Announcement

**torsionbar28** · 04 April 2021, 02:57 PM

Originally posted by numacross View Post

Xeons were available in boxed versions since their beginning

And even their newest versions share the same design, which I find neat:

It is a striking visual design, isn't it? Those rays or beams emanating from within the chip are eye catching. They appear to represent the number of hardware security vulnerabilities baked into Xeon's silicon.

**smotad** · 04 April 2021, 04:07 PM

Originally posted by muncrief View Post

Well, if PSF is that ineffective it's currently a waste of silicon space, and AMD should either improve it or remove it. I can't help but wonder if something wasn't setup correctly for these tests, or if there's some other unintended anomaly, but if it's really this bad PSF doesn't seem to be add any real value to a processor.

Another question that comes to mind is: If PSF is used in very concrete workloads, is it really a target for exploits?

**microcode** · 04 April 2021, 04:18 PM

I kinda wonder if the silicon spent on this could be spent on fattening some traces to increase stability at higher frequencies.

**coder** · 04 April 2021, 10:56 PM

Originally posted by zeb_ View Post

One can reverse the question: what is the interest of enabling PFS if it does not provide an advantage?

Yeah, Michael which benchmarks showed the greatest benefit, and by how much?

I also wonder whether it's a scenario more likely to occur in poorly-optimized (or unoptimized) code, since it seems to describe a situation where you store something and then read it back before it even hits L1 cache. Normally, an optimizing compiler would cache such values in registers, if they would be needed again, so soon. Maybe it would also help with optimized code, if you're spilling registers and the core's write buffers are full.

All of this has me wondering something else. When you get a cache miss, a cacheline has to be evicted before the new one can be fetched. So, I wonder if modern CPUs use idle cycles on the memory bus to pre-emptively write back the cachelines most likely to be victimized. That would at least lower the penalty of a cache miss, somewhat.
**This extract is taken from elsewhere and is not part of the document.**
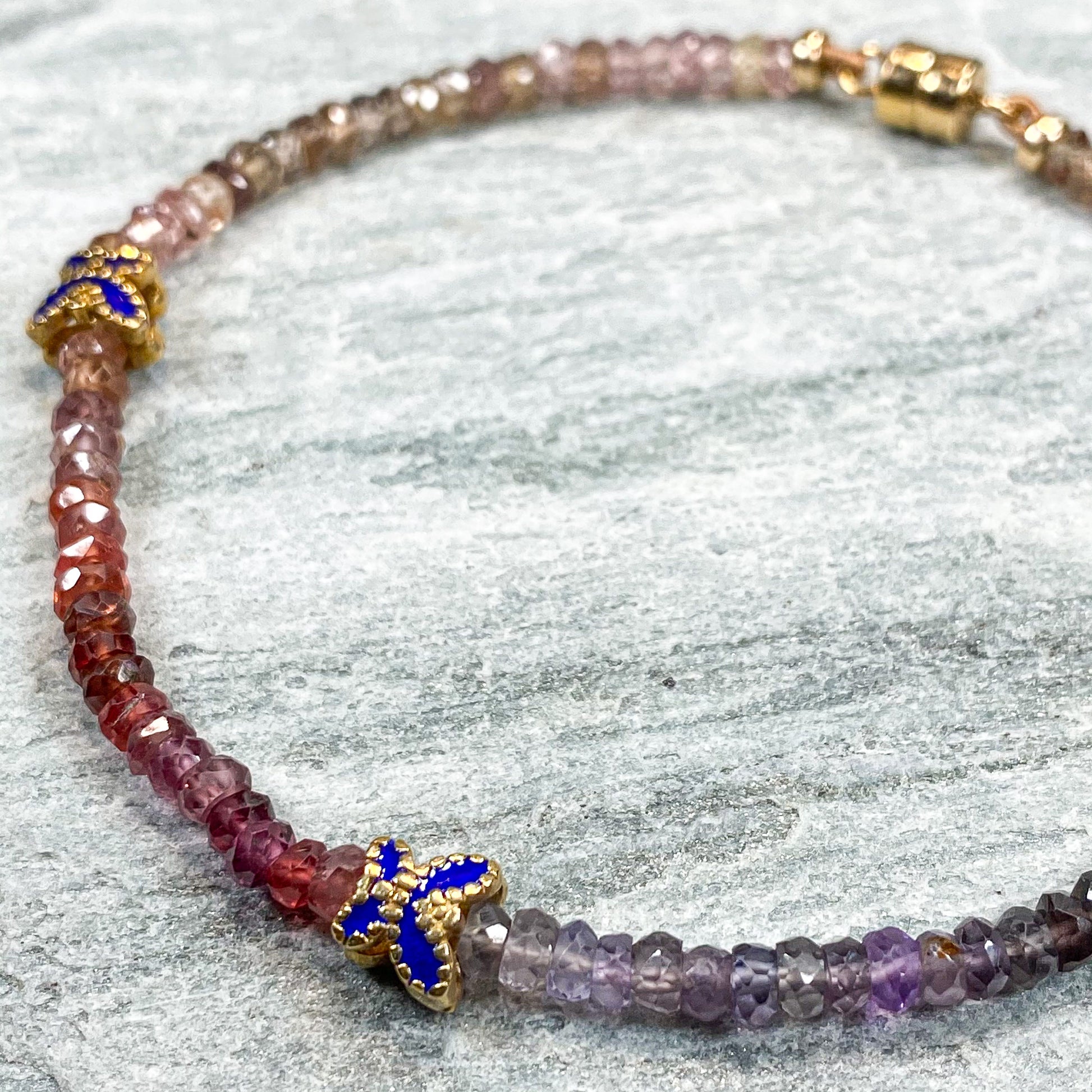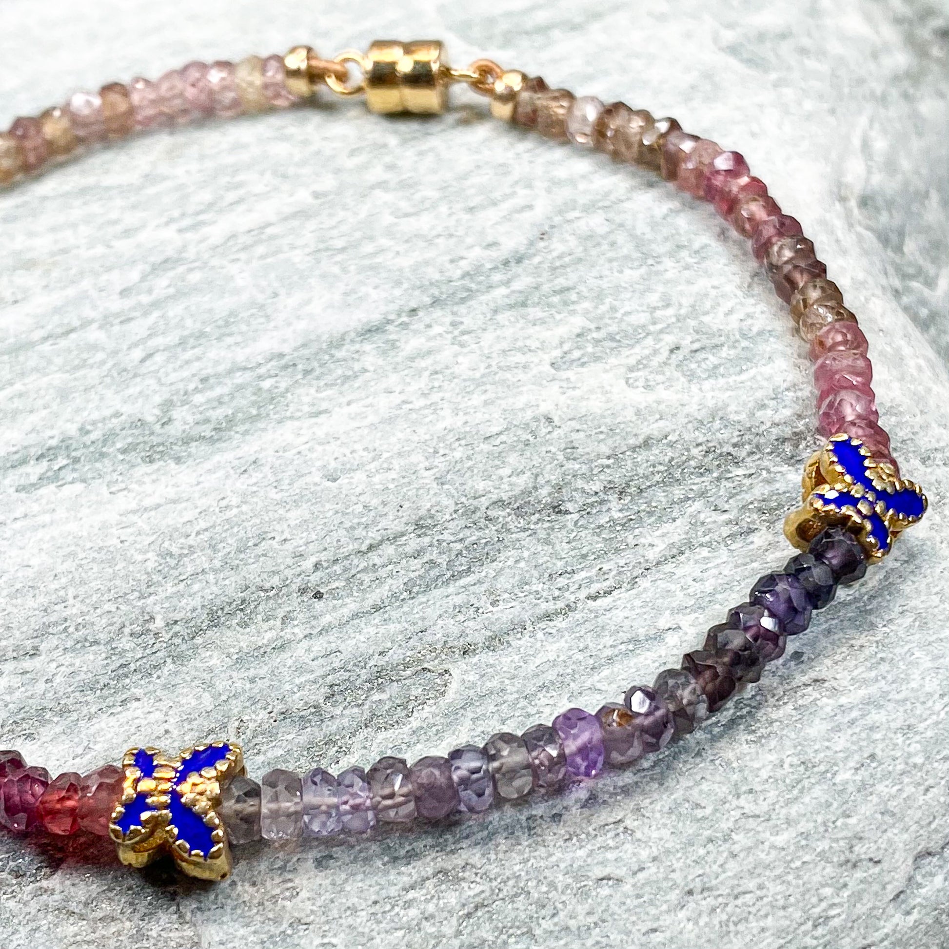 4MM SPINEL BEADS WITH 925 ENAMEL BUTTERFLY BRACELET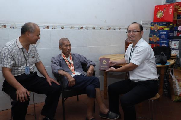 建國70周年際,中國郵政集團公司貴港市分公司黨委委員、黨委組織部主任劉強和工會副主席李初岳代表公司黨委、工會上門走訪慰問中共中央、國務(wù)院、中央軍委頒發(fā)的“慶祝中華人民共和國成立70周年”紀(jì)念章獲得者抗美援朝老兵譚積友,送去黨和企業(yè)、工會的美好祝愿。

**coder** · 04 April 2021, 11:10 PM

Originally posted by smitty3268 View Post

It seems like it's likely a feature that becomes more effective in longer running processes. A short benchmark might not be affected nearly as much as a long-running server process.

It's not a bad question, but the second of the quotes you included confirms what I'd assumed -- that the profiling data is actually very short-lived!

All sorts of internal CPU state, like this, get implicitly or explicitly replaced, once a context-switch happens (most notably, things like branch-prediction, which is very consequential). Context-switches can occur anywhere from a few times per second (per core) to a hundreds of thousands (see https://openbenchmarking.org/test/pts/stress-ng-1.3.1 and note that it's measuring context switches on all cores), with the latter happening if the thread is actively doing things like blocking I/O or synchronization.

However, the limiting factor on its window of applicability is more typically going to be the relatively small number of addresses it has the storage to cache (and the ability to lookup). It could be as few as a couple dozen, but it's almost certainly not enough to help outside of a small-to-medium size loop.

**coder** · 04 April 2021, 11:14 PM

Originally posted by muncrief View Post

I can't help but wonder if something wasn't setup correctly for these tests, or if there's some other unintended anomaly, but if it's really this bad PSF doesn't seem to be add any real value to a processor.

A way to know for sure would be to hand-code a test in asm and benchmark it with/without the feature enabled.

**BingoNightly** · 05 April 2021, 12:55 AM

Originally posted by zeb_ View Post

One can reverse the question: what is the interest of enabling PFS if it does not provide an advantage?

Marketing?

**halo9en** · 05 April 2021, 02:31 AM

Originally posted by milkylainen View Post

Phew. Dodged that one by a hair.
Nice to see that performance wasn't shot to bits.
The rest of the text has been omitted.